I was profoundly moved by Rabbi Silver’s teachings that our world emerges from and with disorderedlessness and formlessness  as foundations of existence - root material for creation rather than a sinister, destructive, external force. Tohu (chaos) v bohu (void) were presented as the substrate of what continuously is. Therefore it follows, that the pain of limiting infinitude is intrinsic to the experience of creation. 


This reframing of our origin story is reinforced by the midrash about the diminishment of the moon. In the midrash, it is God that realises God’s own diminishment of the moon, an action that needs to be atoned for . It is God that acknowledges the fundamental role of diminishment and loss which accompanies every act of creation.


However, despite her painful experience of waxing and waning, as it turns out, the moon retains her primary position. Women (whose bodies themselves are redolent with creative potential) synchronise their cycles to a lunar calendar. Jewish time is primarily lunar with the calendar organised around 12 or 13 lunar months a year. And let’s not forget that the moon is often present during daylight hours, although her glow is concealed by the stronger light of the sun conceals it. It is only our awareness of her daytime presence, that allows us to bask in her invisible diurnal glow.


Perhaps these stories are examples of the principle ma’aseh avot siman labanim/the actions of the ancestors are a sign for the children.

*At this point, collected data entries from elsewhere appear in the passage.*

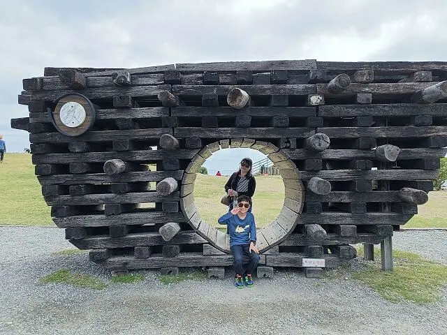 我們一直以為是兩條魚,後來才知道這個用漂流木呈現的裝置藝術,是兩隻可愛的河豚呢!
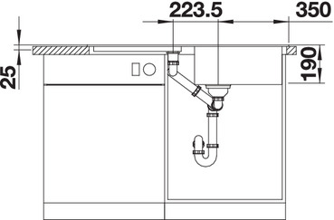 Схема встраивания 3 для мойки Blanco YOVA XL 6S SILGRANIT клапан-автомат InFino® Серый беж [Гранит] Гранит 523602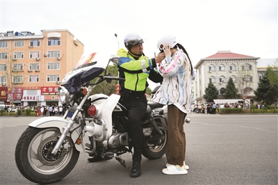“走错考点怎么办?”“快上车!”8点10分,在白城毓才实验高中考点,一辆摩托载着考生稳稳地停在考点门口。考生从车上跳下,摘下头盔,向辅警黄伟鞠躬表示感谢。原来,市公安局交巡警支队四大队辅警黄伟在白城市第十中学考点护考时,发现从考点内走出一位女同学,出门之后就向路北匆匆跑去。黄伟立即跟上前询问,经了解得知,女孩是一个人来参加考试的,进入考点后被告知走错了考点,她本应该在白城毓才实验高中考点参加考试,女孩被突然的变故吓得不知所措,出门就向北边跑。黄伟立即安慰她说:“你别着急啊,我送你去,一定不能耽误你考试!”随后,他帮助考生带好安全头盔,让女孩坐上摩托车,不到3分钟便将考生护送进入考场。走进考场的大门,女孩挥手致谢,脸上也露出了笑容。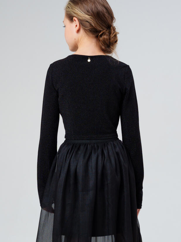 Надевая его, вы создаете роскошный образ, идеально подходящий для для фотосессий и других особых случаев. Благодаря плотному теплому трикотажу с люрексом его можно носить осенью или зимой.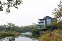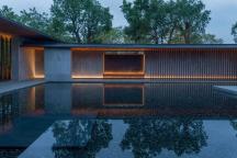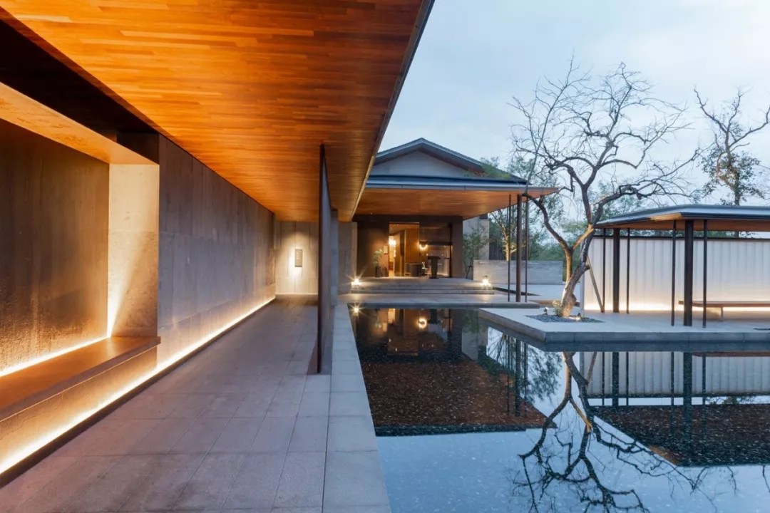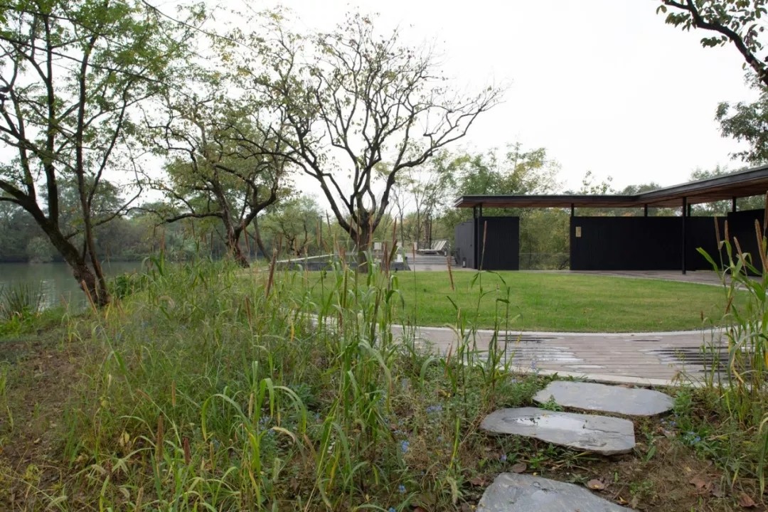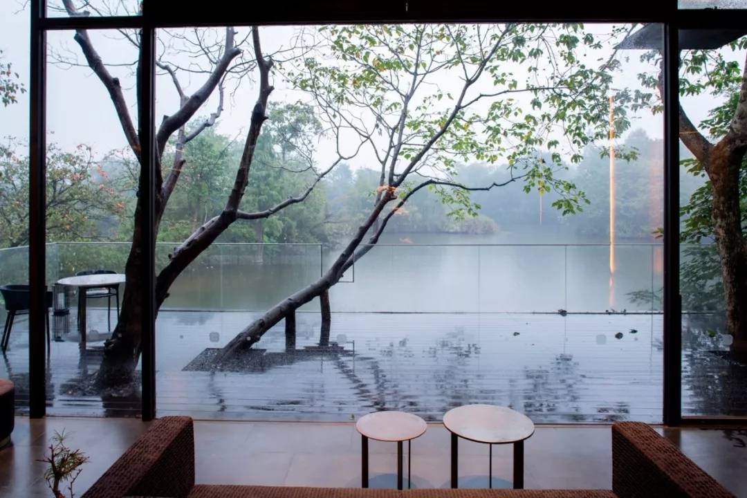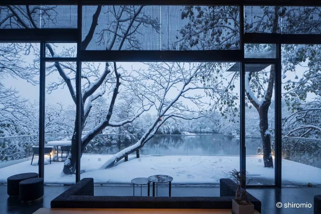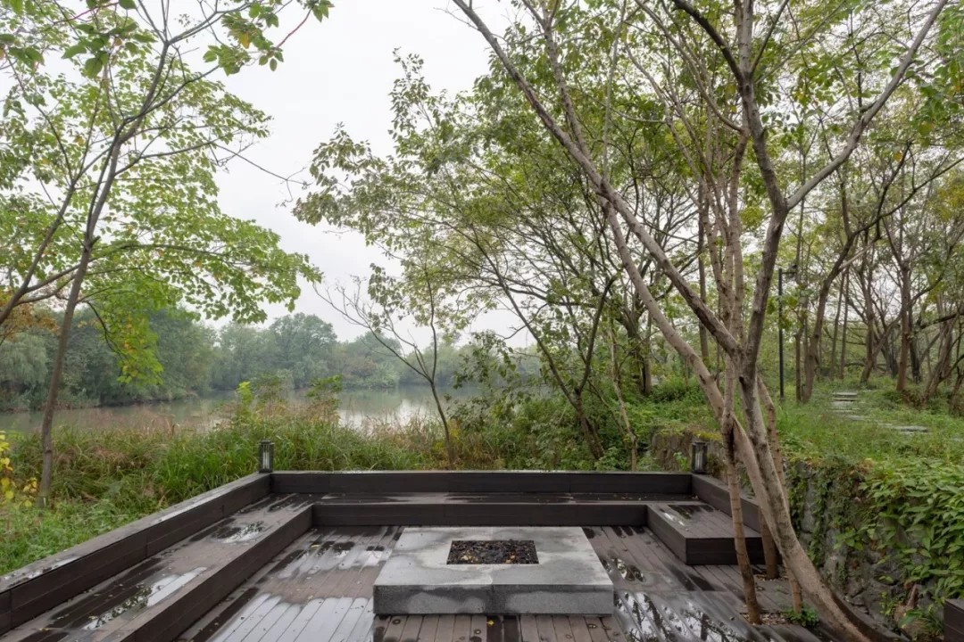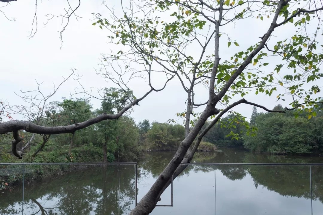木守西溪還有很多功能空間限于篇幅不能一一道來,比如會客廳外的宴客木平臺,半島上的泳池與婚禮草坪,客房群中間夾著的戶外茶座,底層客房的小庭院......所謂日光夜色,夏九雪封,各是風(fēng)景。我們還相信隨著時間的推移,自然的力量會把人工的棱角打磨粗糙,現(xiàn)代社會的審美最終會與農(nóng)耕時期的荒蠻交織和諧。

While the moon’s diminishment occurs in the world of Beriyah, here in the world of Assiyah, Torah is full of stories of “natural” orders being reversed, the younger diminished one rising to a pre-eminent position. 


Isaac the younger was chosen over Ishmael the older. Esau could not retain his favoured first born position over his younger brother Jacob the schemer. Like the moon, Jacob waxes and wanes, his whole life wavering between his Jacob and Israel personas, his limp a permanent sign of his struggle. Joseph, a young upstart, is diminished by his older brothers. He then rises to great prominence, until finally, he and his older brother Judah, are reconciled. Joseph learns to forgive and Judah learns what true chesed is, both brothers restored as two great luminaries, the sun and the moon, both brothers progenitors of a messianic line. 

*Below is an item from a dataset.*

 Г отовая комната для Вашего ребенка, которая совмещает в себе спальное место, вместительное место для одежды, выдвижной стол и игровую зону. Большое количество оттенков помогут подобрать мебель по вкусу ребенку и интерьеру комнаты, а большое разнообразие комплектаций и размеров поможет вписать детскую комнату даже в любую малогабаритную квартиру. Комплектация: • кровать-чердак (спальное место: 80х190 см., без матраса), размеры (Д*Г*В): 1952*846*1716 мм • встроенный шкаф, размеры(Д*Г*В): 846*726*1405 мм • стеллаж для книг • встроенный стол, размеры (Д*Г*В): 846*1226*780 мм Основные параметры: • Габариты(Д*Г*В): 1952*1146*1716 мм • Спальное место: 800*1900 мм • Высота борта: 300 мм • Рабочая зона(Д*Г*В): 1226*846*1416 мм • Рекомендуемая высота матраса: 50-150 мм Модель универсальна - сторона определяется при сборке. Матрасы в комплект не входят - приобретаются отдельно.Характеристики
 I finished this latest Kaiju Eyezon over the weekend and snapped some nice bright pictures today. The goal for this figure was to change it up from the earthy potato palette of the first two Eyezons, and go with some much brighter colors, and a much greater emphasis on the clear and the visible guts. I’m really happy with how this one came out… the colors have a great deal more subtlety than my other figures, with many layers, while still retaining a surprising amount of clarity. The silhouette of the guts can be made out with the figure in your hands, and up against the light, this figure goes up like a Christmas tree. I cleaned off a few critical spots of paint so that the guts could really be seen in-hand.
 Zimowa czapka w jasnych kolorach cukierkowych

In each of these archetypal stories, pain, diminishment, grief and loss are part of the fullness and totality of experience ( the tov me’od and tov mot as Rebbe Meir had inscribed in his Torah scroll).


All of this puts me in mind of another midrash. After the fall from Eden, Adam and Eve suddenly know shame, their light bodies hardening into garments of skin (based on Hebrew homophones אור/light and עור/skin/hide). The female and male human figures in the accompanying mixed media collage are depicted as both light and its limitation, reduced to the world of clothes/words/definitions. 

 

It also occurs to me that this links to some of the things that were presented in the classes on Complicating  Chosenness in Rabbi Daniel’s Exploring Jewish Identities course. The moon is chosen, and yet the mere fact of her chosenness implies some sort of separation with all of the pain that accompanies it.

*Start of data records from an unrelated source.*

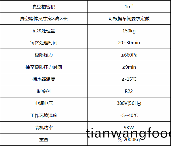 KKS-100熟(shu)食真(zhen)空(kong)預(yù)冷設(shè)備(bei)的(de)主(zhu)要(yao)技術(shù)(shu)蓡(shen)數(shù):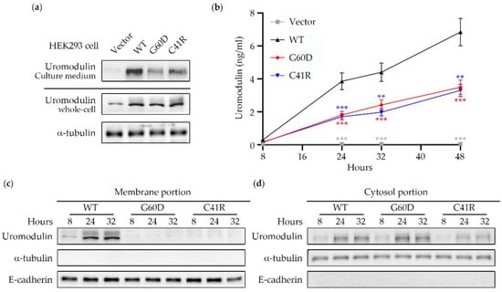 Empty vector, wildtype uromodulin, p.Cys41Arg uromodulin, and p.Gly60Asp uromodulin expression constructs were transiently transfected to HEK293 cells. After transient transfection, the culture medium was collected at 8, 24, and 32 h, then stored at −80 °C before measurement. For immunoblotting, the culture medium was condensed by Centricon (YM3, amicon, Merck/Millipore Sigma) before SDS-PAGE electrophoresis. ELISA was used to carry out measurements of the uromodulin in the culture medium according to the manufacturer’s instructions (EHUMOD, Invitrogen, Thermo Fisher Scientific). Briefly, the culture medium and standards were diluted in an assay diluent supplied in the kit and added to wells in duplicate. After 2.5 h of incubation at room temperature, the wells were washed with PBS, and the biotinylated uromodulin antibody was added. After 1 h of incubation at room temperature, the wells were rewashed, and a streptavidin-horseradish peroxidase secondary antibody was added. After 45 min of incubation at room temperature, the wells were rewashed, and the color was developed by adding TMB substrate solution and incubation in the dark at room temperature for 30 min. The reaction was stopped by adding the stop solution supplied in the kit, followed by reading immediately at OD450 and OD550. The culture medium’s uromodulin concentration was determined by interpolation on the standard curve.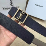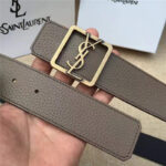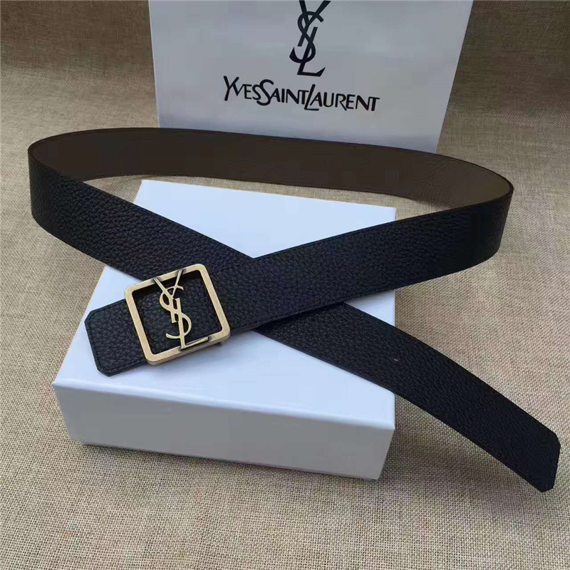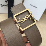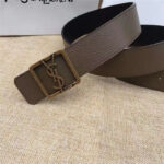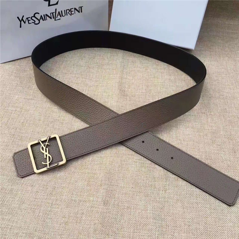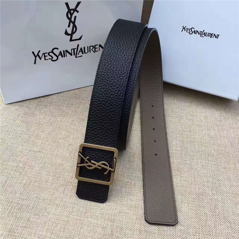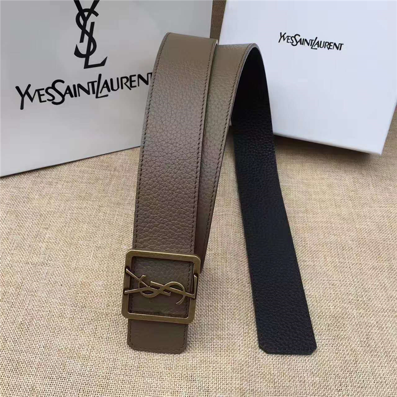 - 圣罗兰YSL女士腰带 头层牛皮荔枝纹 实心复古铜扣头 双面可用 棕色

I am reminded also that in the Exodus story, the Hebrews escaped from an empire whose ruler Pharaoh was considered an embodiment of the constant, omnipotent sun god Ra. Before they left, the Hebrews were given the moon as a marker of time. The Exodus story is our template for geula/liberation and yet, the exaltation of escape was immediately followed by the stinging pain of the attack by Amalek. Again, great glory undercut by loss and diminishment.


I am conscious that we are still in the after glow of  Chanukah. In the mystery tradition , the candles are considered the tiniest of sparks of ohr haganuz, the light hidden away since creation (after those primordial vessels shattered, unable to sustain the limitation of relationship). Like the moon, the Chanukiah candles only shine because of the darkness. Chanukah straddles the dark new moon of Tevet. Light and dark in symbiotic relationship, light cannot exist without the dark to contrast with it. 


All of this found its way into a mixed media collage which emerged from Rabbi Silver’s “in the beginning” class  - a visual response to the world hanging on the thinnest of threads of divine nothingness. 


Materials used:

  • Patterned papers- Ink Drops Monochrome by Craft Consortium, Bokeh Backgrounds by Mintay Papers.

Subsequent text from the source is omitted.